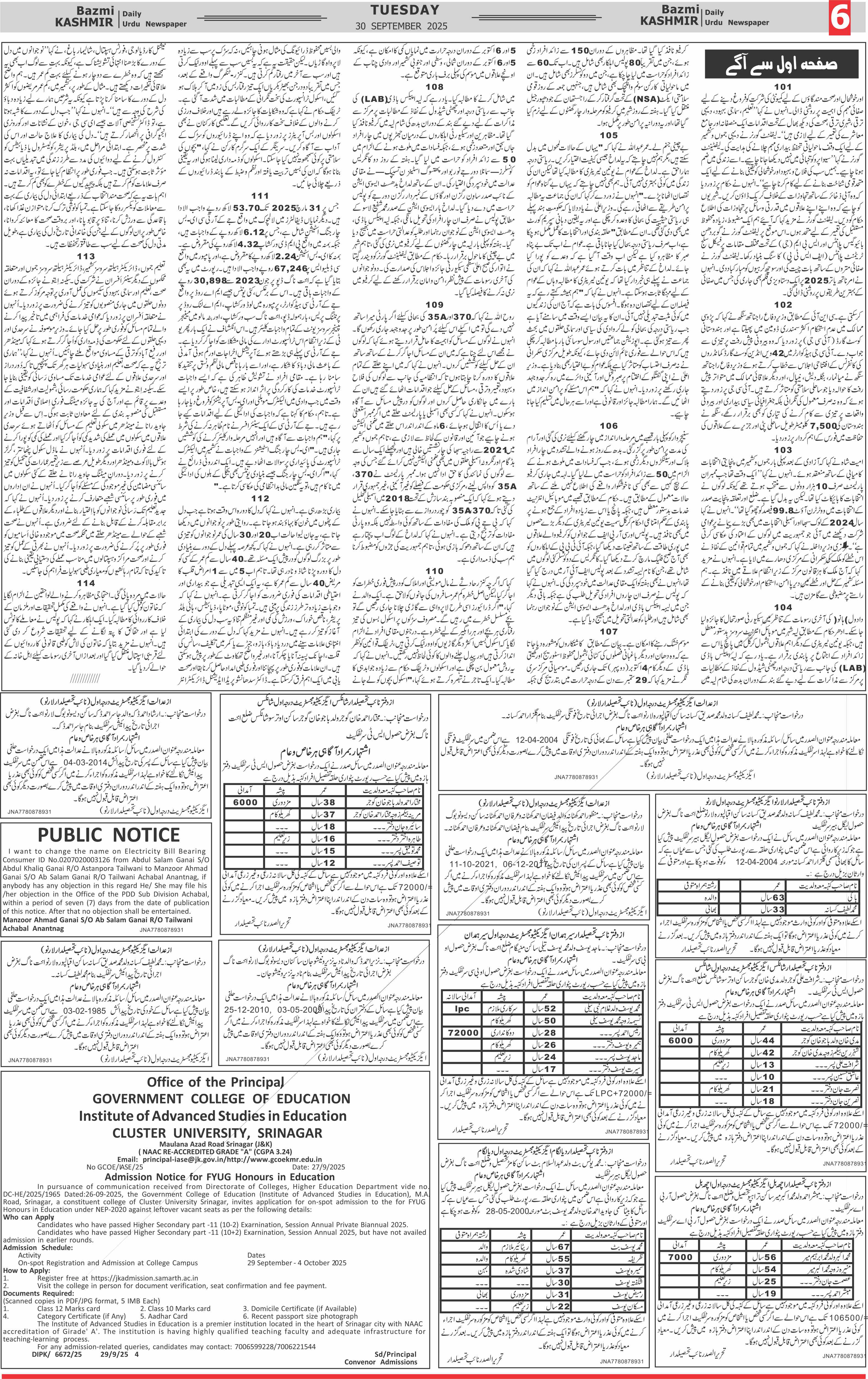 Bazam Kashmir Page: 6 September 30, 2025 << First << 6 >> Last >> Page 1Page 2Page 3Page 4Page 5Page 6Page 7Page 8 × Bazam Kashmir B -6 B -1B -2B -3B -4B -5B -6B -7B -8
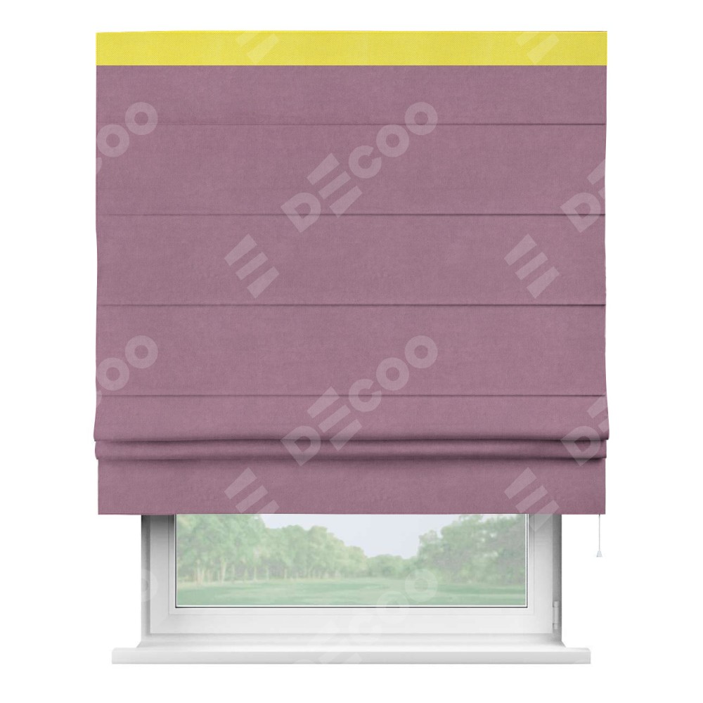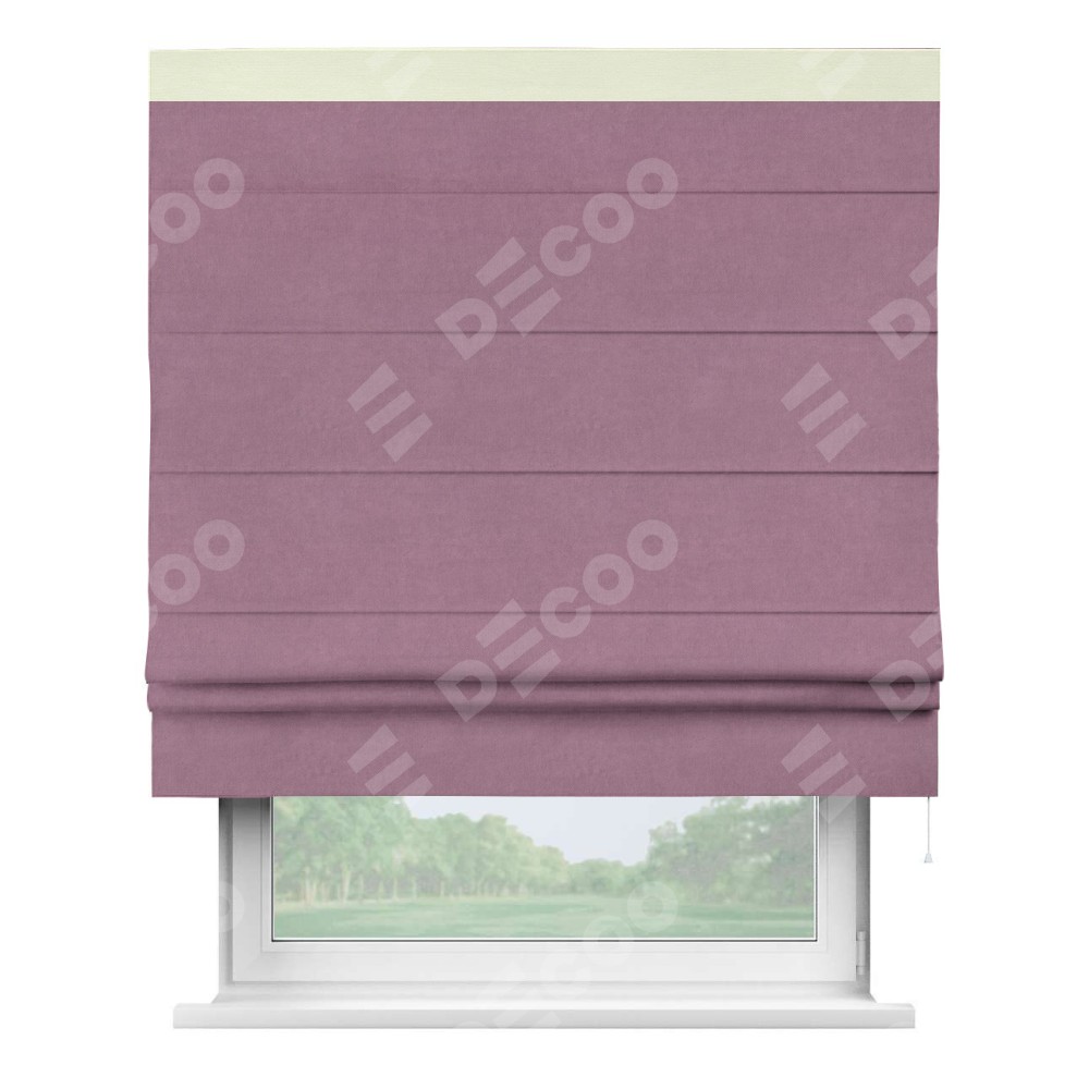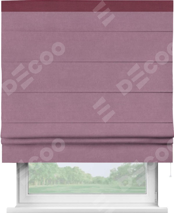 Римская штора производителя «Cortin», используется для проёма, пошита из ткани вельвет лиловый, артикул ткани 17752. Отделка шторы кантом «Кинг», ткань для канта используется из вельвета разной расцветки на выбор. Имеет универсальный механизм и подходит для монтажа: на потолок, на стену и в нишу.
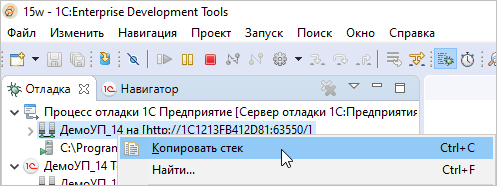 - Cкопируйте в буфер обмена адрес сервера отладки. Для этого нажмите Копировать стек в контекстном меню панели Отладка;
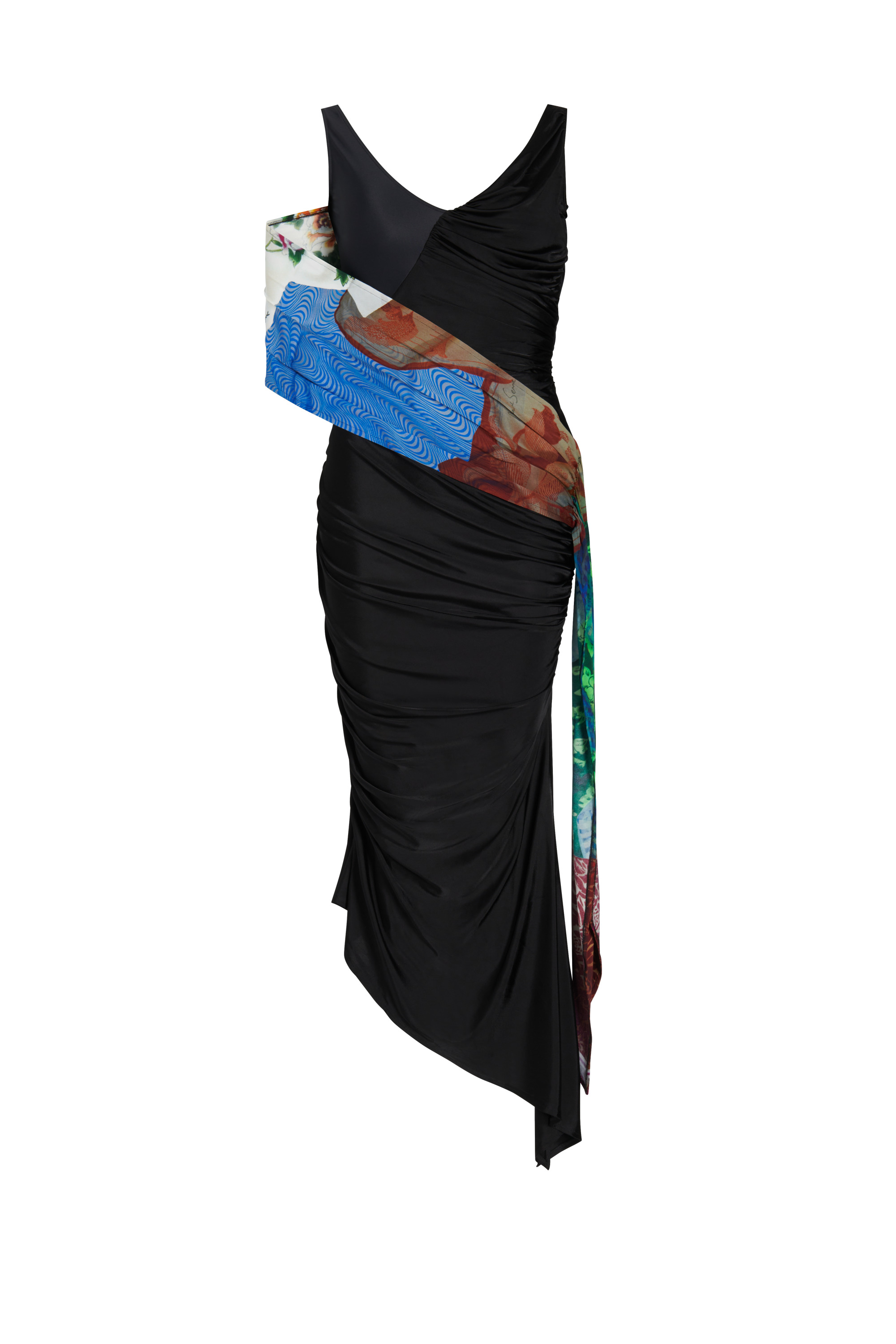 This draped dress features a double layer and a built-in body. It showcases an asymmetric scarf detail draped over the shoulder, adding an elegant touch to the design. Materials Shiny Black Jersey The Black Jersey continues to blend fashion and artistry. Crafted with premium jersey fabric, it maintains the perfect balance between comfort and style. It adds an elegant touch, making it versatile for a range of variations. Elevate your wardrobe with this exclusive material from Marine Serre, available in both multicolor, black and green versions. 95% Viscose, 5% Elastane
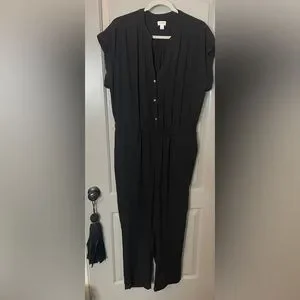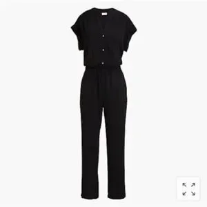 ew J Crew Size Large Black Cuffed Camp Shirt Jumpsuit Womens Button Pockets
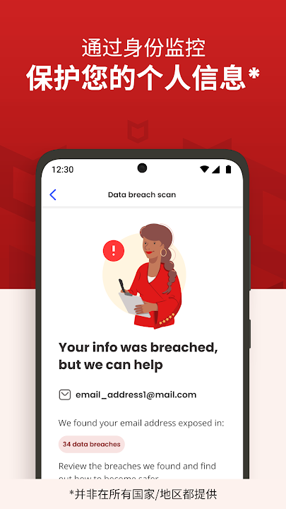 移动安全功能可同时保护多达 5 台设备,支持智能手机、平板电脑、PC 和 Mac。此外,我们还提供防病毒清理工具和业界领先的保护分数,保护您的重要信息,让您舒心畅享线上生活。您可以采取建议措施加强自身隐私安全,例如扫描公共 Wi-Fi 网络、解决数据泄露问题或启用防病毒保护。
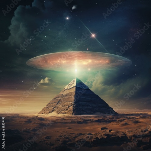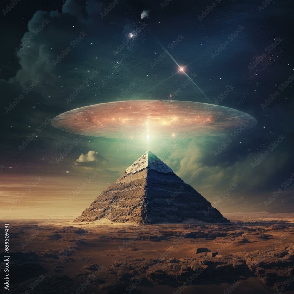 Wall mural an alien spaceship is flying over a pyramid. generative ai. - Wall murals Wall mural an alien spaceship is flying over a pyramid. generative ai. - Wall murals
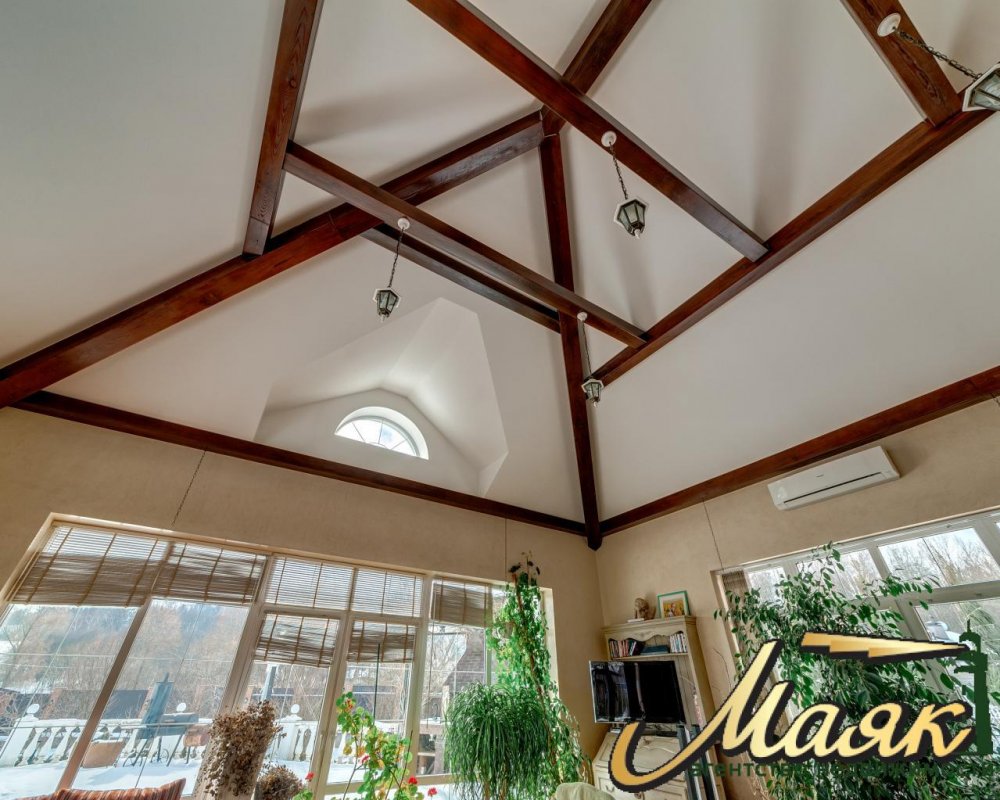 Дизайн интерьера выполнен в классическом стиле, всевозможные оттенки коричневого, шампани и благородная бронза во внутренней отделке подчёркивают роскошь и безупречный вкус собственника. А натуральное дерево придаёт ощущение уверенности, постоянства и уюта. Мебель от ведущих итальянских производителей Savio Firmino, Arca, и т.п. - элегантно дополняют единый ансамбль. В отделке стен использованы шелковые и жаккардовые обои ведущих английских фирм, штукатурка и натуральное дерево. Светильники от передовых производителей Италии и Испании. Дорогой текстильный декор окон и интерьера выполнен из натуральных тканей (производство Италия и Германия). Покрытие пола выполнено: 1 этаж - мрамор (Испания), художественный паркет; 2-этаж - дерево. Санузлы выполнены в плитке Сaesar (Италия).
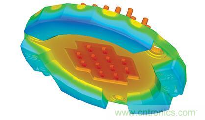 LED燈具設計師所面臨的挑戰是如何將所有這些東西都放在可用的空間中,同時確保成品內部和外部關鍵點的溫度保持在可接受的范圍內。這時候,熱模擬就能起到作用,特別是在整個設計過程中。圖2示出了在熱模擬下有良好散熱的芯片模塊范例。
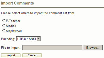 Comment banks that are in specific formats can be imported into My Comments. Comments can be imported from E-Teacher, MediaX or Maplewood.

### What needs to be done
The goal is an exact reprint of the entries, leaving out the pictures.

### Task output
 Bazam Kashmir Page: 6 September 30, 2025 << First << 6 >> Last >> Page 1Page 2Page 3Page 4Page 5Page 6Page 7Page 8 × Bazam Kashmir B -6 B -1B -2B -3B -4B -5B -6B -7B -8
 Римская штора производителя «Cortin», используется для проёма, пошита из ткани вельвет лиловый, артикул ткани 17752. Отделка шторы кантом «Кинг», ткань для канта используется из вельвета разной расцветки на выбор. Имеет универсальный механизм и подходит для монтажа: на потолок, на стену и в нишу.
 - Cкопируйте в буфер обмена адрес сервера отладки. Для этого нажмите Копировать стек в контекстном меню панели Отладка;
 This draped dress features a double layer and a built-in body. It showcases an asymmetric scarf detail draped over the shoulder, adding an elegant touch to the design. Materials Shiny Black Jersey The Black Jersey continues to blend fashion and artistry. Crafted with premium jersey fabric, it maintains the perfect balance between comfort and style. It adds an elegant touch, making it versatile for a range of variations. Elevate your wardrobe with this exclusive material from Marine Serre, available in both multicolor, black and green versions. 95% Viscose, 5% Elastane
 ew J Crew Size Large Black Cuffed Camp Shirt Jumpsuit Womens Button Pockets
 移动安全功能可同时保护多达 5 台设备,支持智能手机、平板电脑、PC 和 Mac。此外,我们还提供防病毒清理工具和业界领先的保护分数,保护您的重要信息,让您舒心畅享线上生活。您可以采取建议措施加强自身隐私安全,例如扫描公共 Wi-Fi 网络、解决数据泄露问题或启用防病毒保护。
 Wall mural an alien spaceship is flying over a pyramid. generative ai. - Wall murals Wall mural an alien spaceship is flying over a pyramid. generative ai. - Wall murals
 Дизайн интерьера выполнен в классическом стиле, всевозможные оттенки коричневого, шампани и благородная бронза во внутренней отделке подчёркивают роскошь и безупречный вкус собственника. А натуральное дерево придаёт ощущение уверенности, постоянства и уюта. Мебель от ведущих итальянских производителей Savio Firmino, Arca, и т.п. - элегантно дополняют единый ансамбль. В отделке стен использованы шелковые и жаккардовые обои ведущих английских фирм, штукатурка и натуральное дерево. Светильники от передовых производителей Италии и Испании. Дорогой текстильный декор окон и интерьера выполнен из натуральных тканей (производство Италия и Германия). Покрытие пола выполнено: 1 этаж - мрамор (Испания), художественный паркет; 2-этаж - дерево. Санузлы выполнены в плитке Сaesar (Италия).
 LED燈具設計師所面臨的挑戰是如何將所有這些東西都放在可用的空間中,同時確保成品內部和外部關鍵點的溫度保持在可接受的范圍內。這時候,熱模擬就能起到作用,特別是在整個設計過程中。圖2示出了在熱模擬下有良好散熱的芯片模塊范例。
 Comment banks that are in specific formats can be imported into My Comments. Comments can be imported from E-Teacher, MediaX or Maplewood.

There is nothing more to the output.